Background information
- Also known as: Rob da Bank
- Born: Robert John Gorham 24 June 1973 (age 53) Portsmouth, Hampshire, England
- Occupation: DJ
- Label: Sunday Best Recordings
- Website: sundaybest.net earwormmusic.net
- Rob da Bank's voice recorded 2012, as part of an audio description of Gordon's Wine Bar for VocalEyes

= Rob da Bank =

English DJ (born 1973)

Robert John Gorham (born 24 June 1973 in Portsmouth, Hampshire), known by the pseudonym Rob da Bank, is an English DJ and co-founder of music festivals Bestival, originally on the Isle of Wight and now moved to Lulworth, Dorset and Camp Bestival, also in Lulworth. He presented a show on BBC Radio 1 which focused on promoting new left-field music.

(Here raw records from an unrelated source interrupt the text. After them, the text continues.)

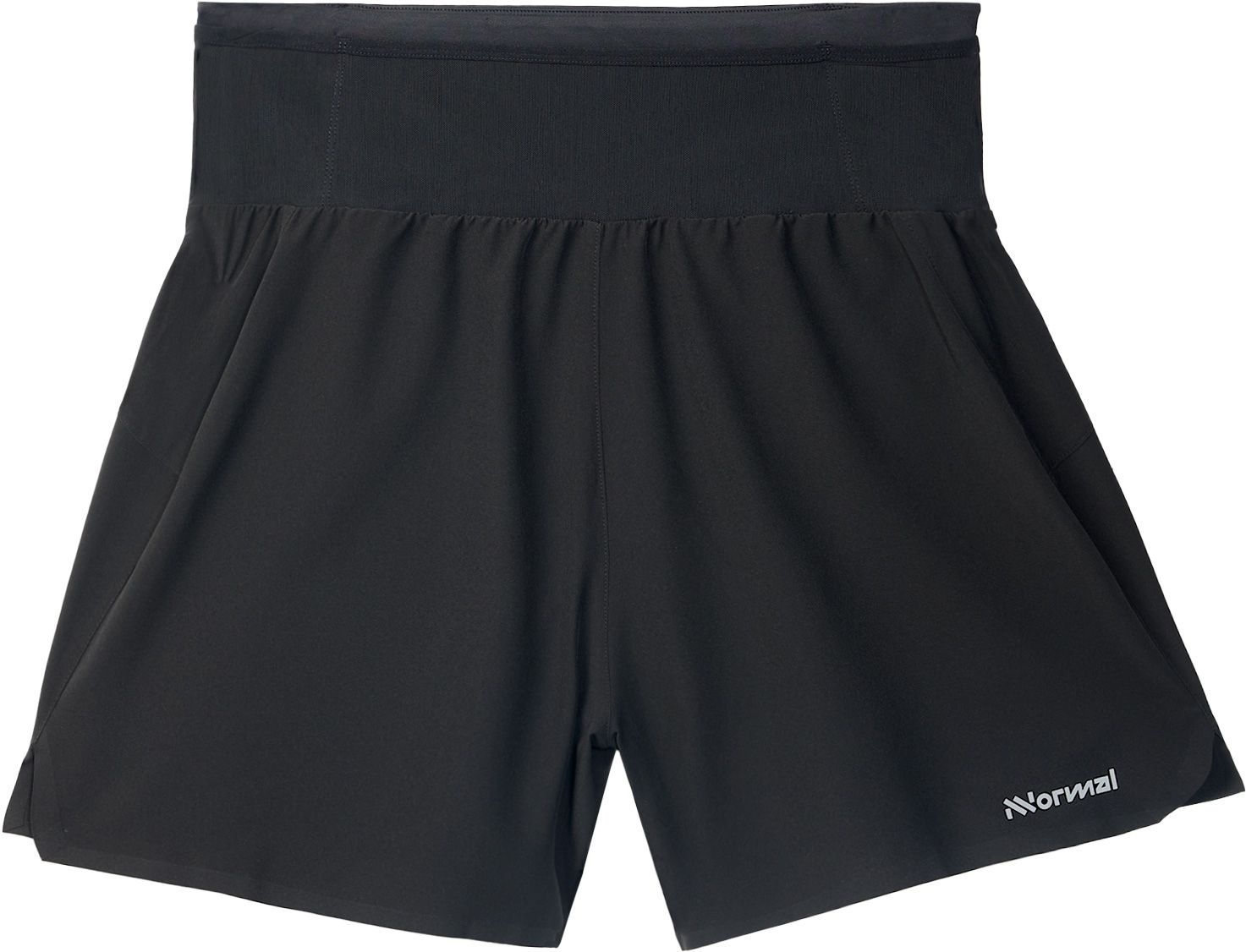 Short NNormal Race Shorts Black pour homme, short de trail running léger à taille haute offrant maintien, liberté de mouvement et rangements pratiques avant/arrière pour téléphone, bâtons et nutrition.
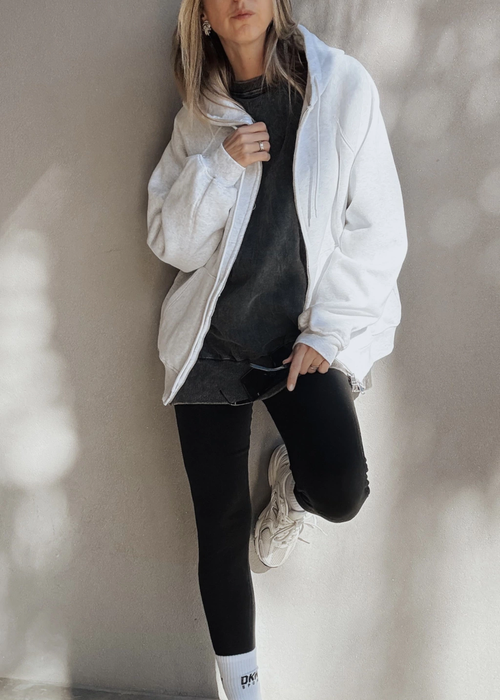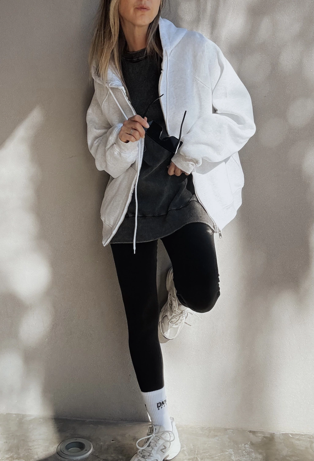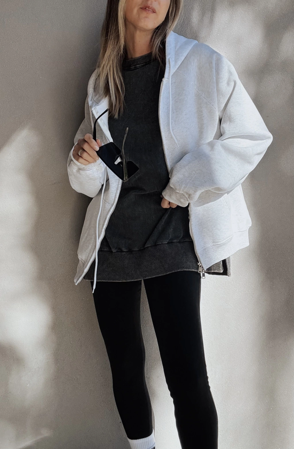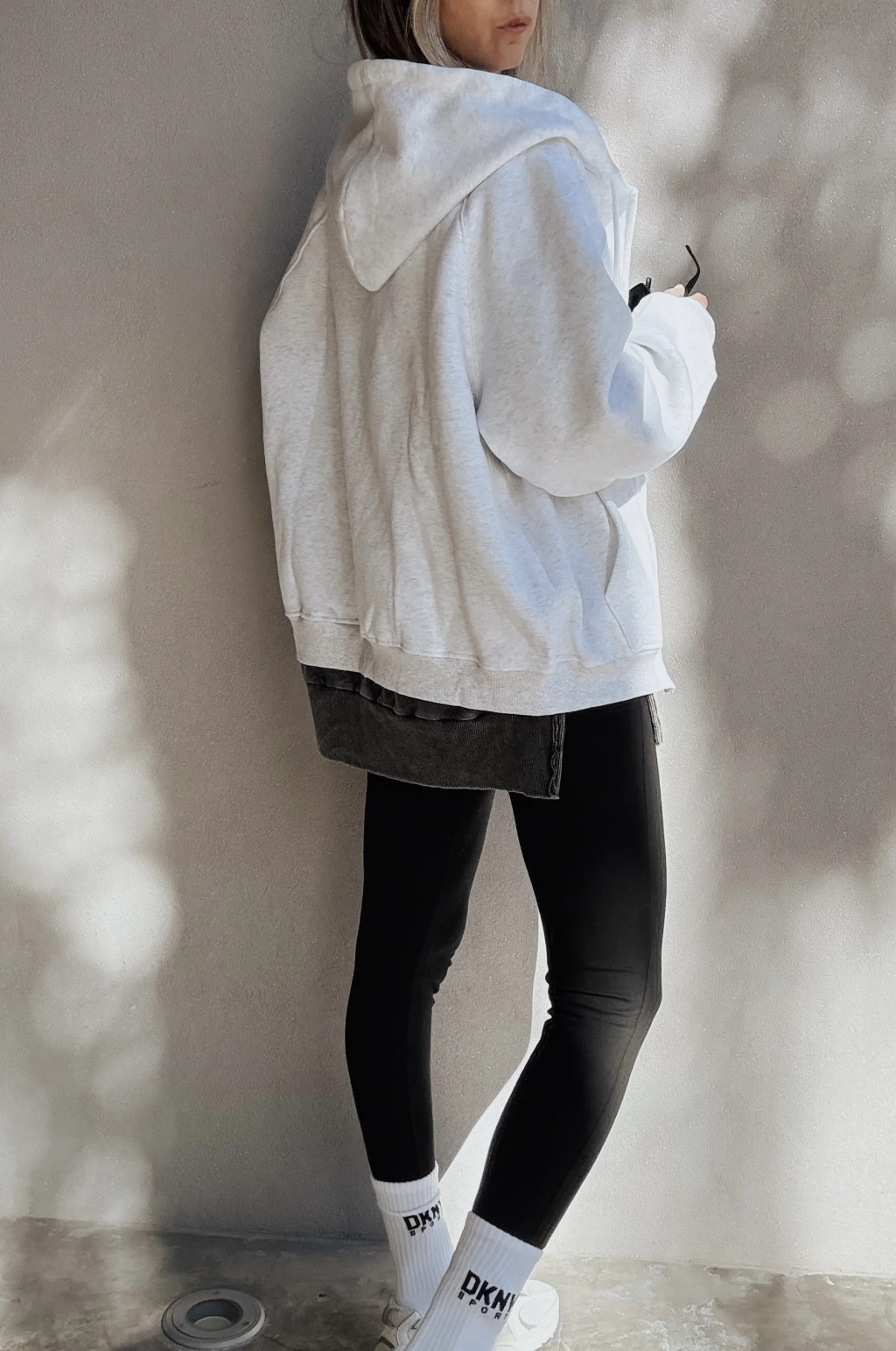Camperita/Buzo oversize con cierre metálico y capucha con cordón regulable. Posee manga ranghlan, bolsillos al frente tipo canguro y puños en mangas y cintura.
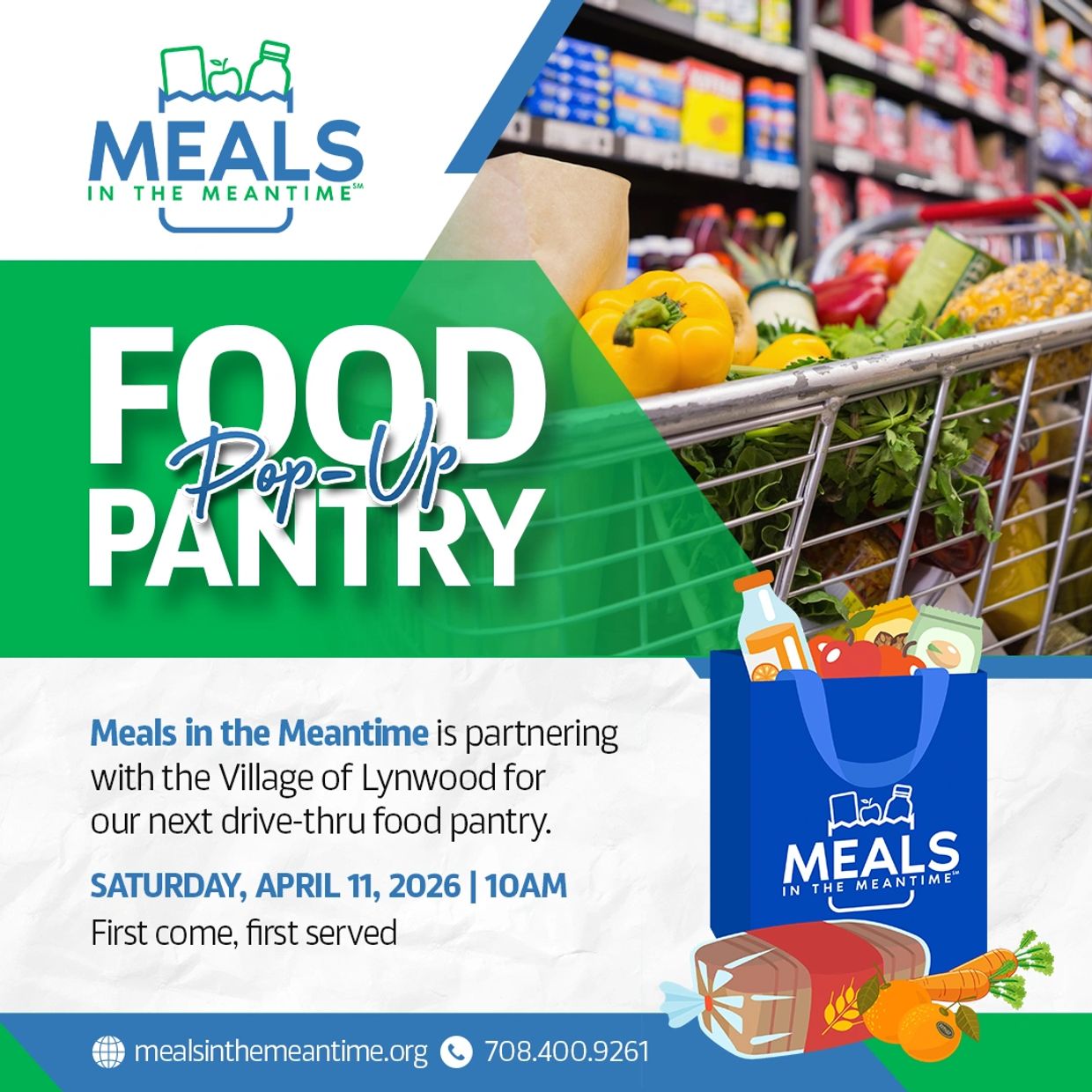 Meals in the Meantime is partnering with the Village of Lynwood for our next drive-thru food pantry on Saturday, April 11, 2026, 10am, at the Lynwood Village Hall, L Building Behind Village Hall, 21460 E. Lincoln Highway, Lynwood, Illinois 60411. First come, first served. All who need help with food are welcome.
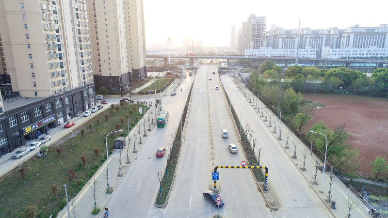百威路(翠堤路~金花路)道路排水工程西起金花路,东至翠堤路,横跨三环线,工程全长901.62m。道路段实施长度为670.46m,红线宽度50m。跨三环线桥梁全长284.08m,桥宽17m~22m,为双向4车道,车行道宽15m。桥梁上部结构为桥面连续结构简支空心板梁,桥台为一字型桥台,钻孔灌注桩基础,桥墩为多圆柱加盖板梁式墩,桥墩与桩基之间采用承台连接,承台横向间设系梁。另外,依附百威桥在三环线两侧修建四座“L型”单箱双室钢结构人行天桥,全长80.66m,桥面宽2.8m。
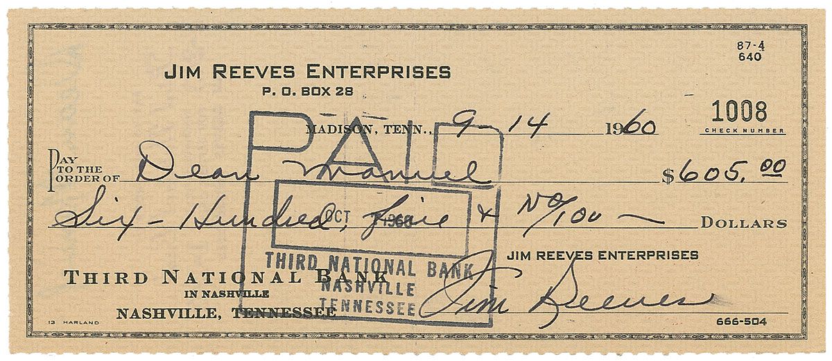 Country-pop star (born 1923) who enjoyed international fame until his death in a plane crash in 1964. Jim Reeves Enterprises business check, 7 x 3, filled out and signed by Reeves, payable to Dean Manuel for $605.00, September 14, 1960. A central vertical fold and a bank stamp over first name of signature, otherwise fine condition.
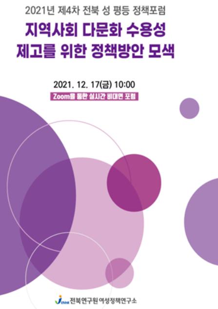 전북연구원 여성정책연구소는 17일 오전 10시‘지역사회 다문화 수용성 제고를 위한 정책방안 모색’을 주제로 제4차 전북 성 평등 정책포럼을 온라인 비대면 (ZOOM) 방식으로 개최하였다.
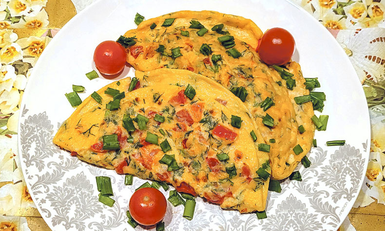 Olām pielēju pienu, piekaisīju miltus un labi samaisīju, lai nepaliek kunkuļi. Noskaloju un apsusināju sīpolu lociņus un diļļu zaļumus, tos smalki sagriezu un pievienoju olu masai. Tomātu nomazgāju, sagriezu kubiņos un arī pieliku klāt, piekaisīju sāli pēc garšas un visu samaisīju. No olu masas pannā ar augu eļļu izcepu divas omletes. Kad omletes viena puse jau bija apcepusies, apvērsu to uz otru pusi un atkal apcepu. Pēc tam vienai pusei uzkaisīju uz vidēji rupjas rīves sarīvētu sieru un pārliecu omletes malu pāri tā, lai siers būtu pārsegts. Gardas brokastis gatavas.
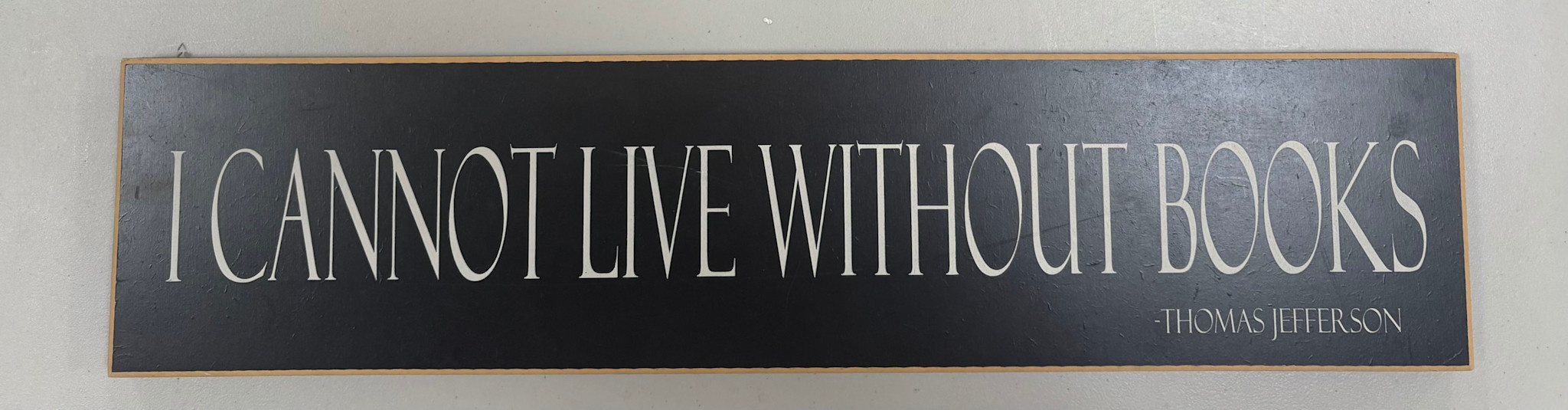WOOD PLAQUE WITH SAYING BY THOMAS JEFFERSON: I CANNOT LIVE WITHOUT BOOKS
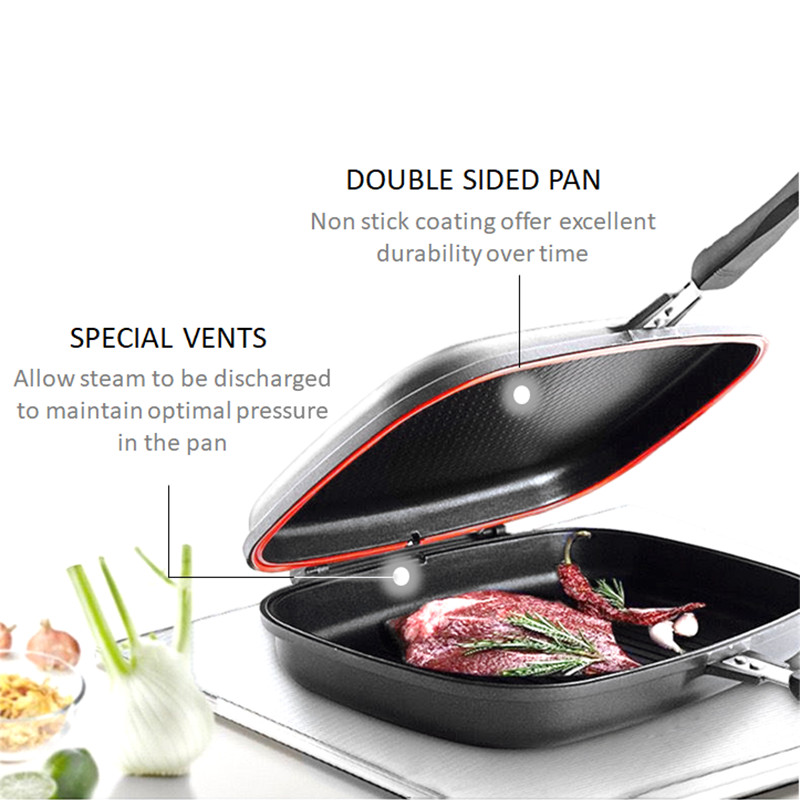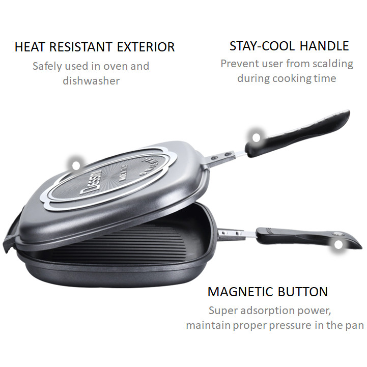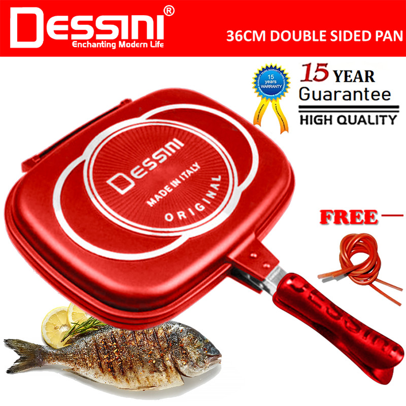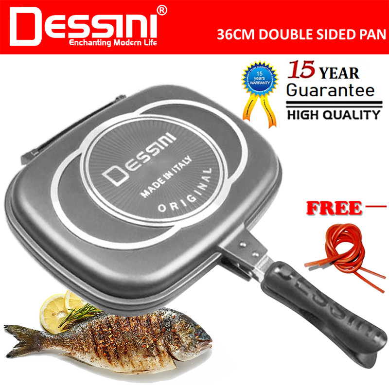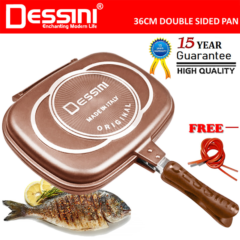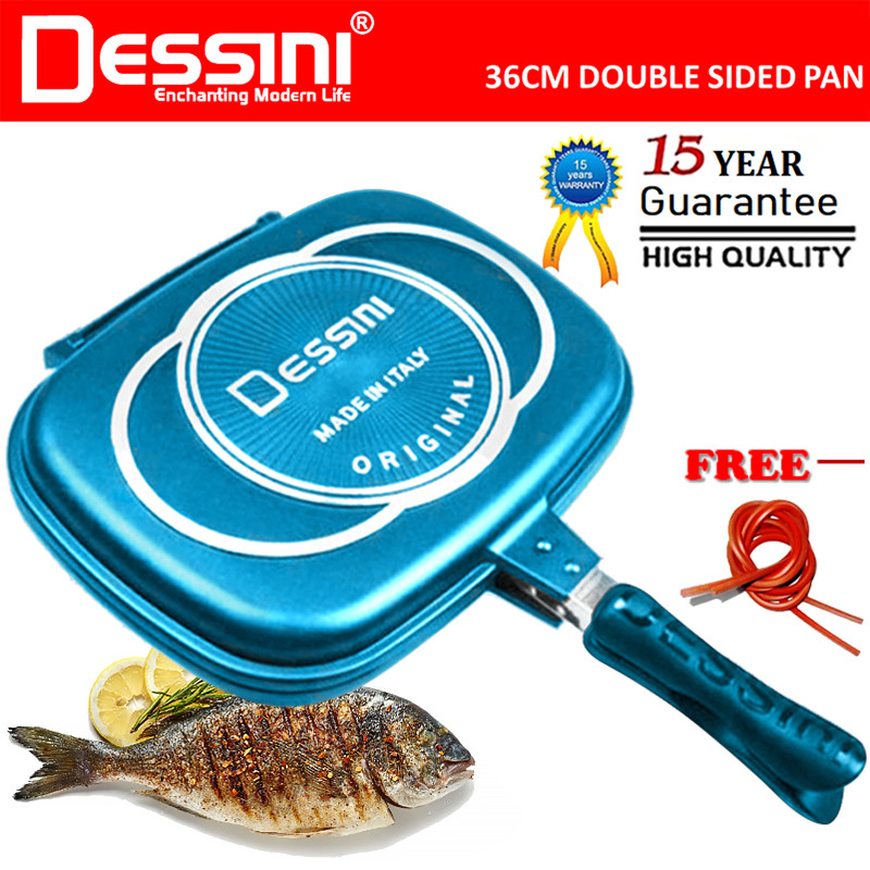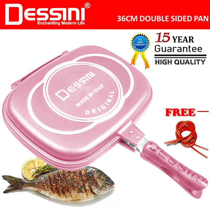 DESSINI ITALY DP-36 Granite Aluminium Non Stick Double Sided Pressure Grill Fry Pan Cookware Tool (36cm)

Examples of artists featured on his show include Tipper, Moloko and a host of unsigned acts.

Until September 2006, he and Chris Coco were the presenters of the Blue Room on Radio 1. He hosted the Radio One Music Show on Thursday nights, the content of which was more similar to the music played on his current show. Rob da Bank filled in for John Peel's show for several weeks following his death in 2004.

In 2007, he produced the Together in Electric Dreams EP.

In 2009, he gave BBC Blast an exclusive look behind the scenes of his show. Until 2014, he hosted a Friday-night/Saturday-morning BBC Radio 1 show focused on left-field electronica.

He is also the owner of a number of business ventures under the name Sunday Best, which originated as a Sunday night event in a Battersea tea-room.

The music played by Rob da Bank on Sunday Best helped launch the "bar culture" (as opposed to "club culture"), which features more relaxed activities than dancing.

Sunday Best has grown to incorporate a record label and two offshoot music festivals, Bestival on the Isle of Wight and in 2008, Camp Bestival, which is more family orientated and held in the grounds of Lulworth Castle in Dorset. In 2018 Bestival went into administration, leaving many workers unpaid. However, a festival of the same name, curated by Gorham and his wife Josie, was announced for 2019, at the same site and on the equivalent weekend.

Gorham and music producer Dan Carey (known as Mr Dan) have released several records under the alias Lazyboy on Gorham's Sunday Best Recordings label.

Gorham has also compiled a mix LP for the Fabric night club's series of mix compilations, entitled Fabric 24 (2006).

In June 2014, it was announced that in September 2014, da Bank would leave BBC Radio 1 and that he would join the 6 Music family. His last show was on Saturday 30 August 2014. Da Bank hosts a weekly radio show on the American radio network Evolution.

In 2014, alongside Graphite Media he set up the company 'Earworm', a Music Supervision, Original Composition and Talent Procurement service for Film, TV, Video Games and Advertising. Recent work includes the music supervision for BBC One's From There to Here, original compositions for HBO's The Leftovers (TV series), the title music for Annie Mac's 'Superstar DJs' on Channel 4 and music supervision for Forza Horizon 2.

Da Bank was awarded The Outstanding Contribution Award at the 2014 AIF Festival Congress Awards.

==Personal life==
Rob da Bank grew up in the village of Warsash in Hampshire.

Rob da Bank divides his time between London and the Isle of Wight with his illustrator wife Josie and their four sons.